Renormalization of the Quantum Stress Tensor Fluctuations and the Limits of Semiclassical Gravity
Alejandro Perez, Daniel Sudarsky
TL;DR
This work interrogates the validity of semiclassical gravity by renormalizing the stress-energy tensor and its fluctuations for quantum fields on curved spacetimes. Using Hadamard states and the operator product expansion, it provides a covariant framework to compute ⟨T_{ab}⟩_ren and ⟨T_{ab}T_{cd}⟩_ren, with explicit 2d results showing that squeezed vacua yield fluctuations comparable to the mean, thus violating semiclassicality. The authors derive a concrete, pointwise criterion for semiclassical gravity and demonstrate that even modest excitations away from the Minkowski vacuum can lead to large backreaction fluctuations, with profound implications for black hole evaporation and cosmology. Collectively, the findings suggest that fully quantum gravitational degrees of freedom are necessary to accurately describe backreaction in several physically important regimes.
Abstract
We analyze the expectation value of the energy-momentum tensor and its fluctuations in quantum field theory on curved spacetimes $\langle T_{ab} \rangle$. A necessary condition for the conceptual consistency of semiclassical gravity, where $\langle T_{ab} \rangle$ represent the sources of the Einstein equations, is that the fluctuations of the energy momentum tensor remain small compared to its expectation value.
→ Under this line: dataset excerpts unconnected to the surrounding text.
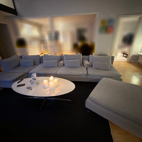IKEA hörnsoffa med schäslong i grå textilklädsel. Soffan är moduluppbyggd med flera sittplatser och en förvaringsdel under schäslongen. Ryggkuddar och sittdynor är lösa och avtagbara. Enligt måttuppgifterna är soffan cirka 333 cm bred åt vänster sida och 252 cm åt höger sida, med en total höjd på cirka 104 cm inklusive ryggkuddar. Sitsdjupet är cirka 60 cm och sitthöjden cirka 49 cm. Passar som större vardagsrumssoffa med gott om sittutrymme och extra förvaring. Design av Alfred Homann.
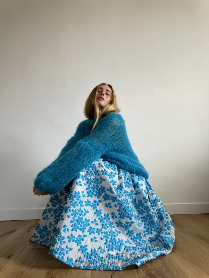 Pull « GASPARD » tricoté main dans un sublime mohair bleu azur. Une coupe loose, longues manches ballons, col légèrement montant. PIÈCE UNIQUE !
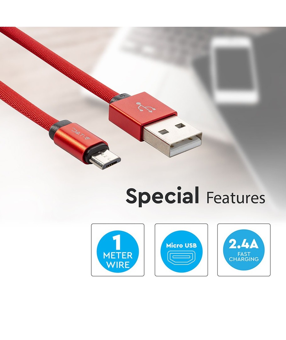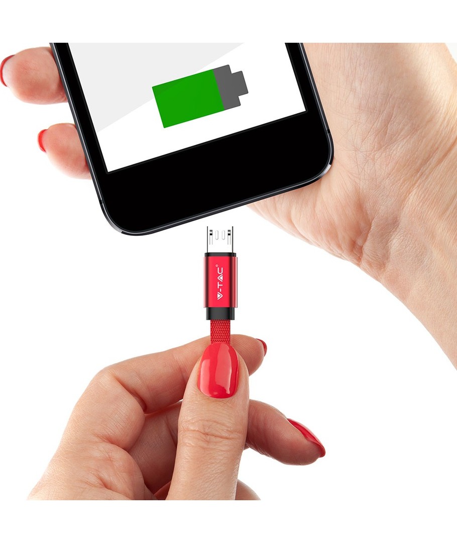 Oppdag den allsidige og stilige MicroUSB kabel 1m rød - perfekt for både dataoverføring og lading med sin unike flettede bomullsbelegg.
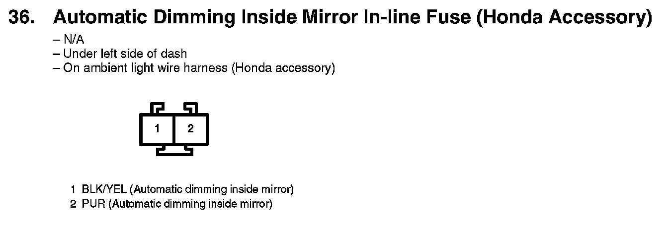 36. Automatic Dimming Inside Mirror In-line Fuse (Honda Accessory):
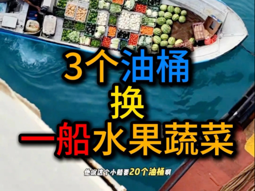 废物再利用,帮公司处理了费油,我们换到了新鲜的水果蔬菜,小船换到了需要的废油桶,三方盈利,大家好才是真的好!
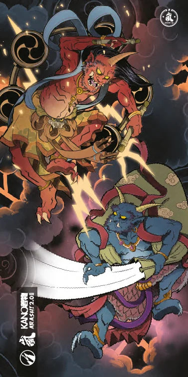 Араши означава буря на японски, а изобразените в него ОНИ са Райджин, богът на гръмотевицата, и Фуджин, богът на вятъра и гръмотевицата.
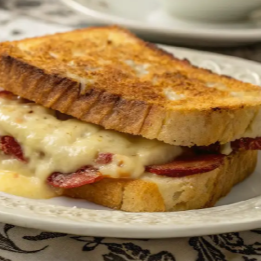 Pão de forma dourado na chapa, queijo, presunto e calabresa.

We study the renormalization of both the energy-momentum tensor $\langle T_{ab}(x)\rangle_{\rm ren}$ and the fluctuation tensor $\langle T_{ab}(x) T_{cd}(x) \rangle_{\rm ren}$ for suitable Hadamard states, using the operator product expansion for a free scalar field on a fixed curved background. We show that squeezed vacua -- arising naturally in black hole evaporation and in inflationary cosmology -- fail to satisfy the semiclassicality criterion.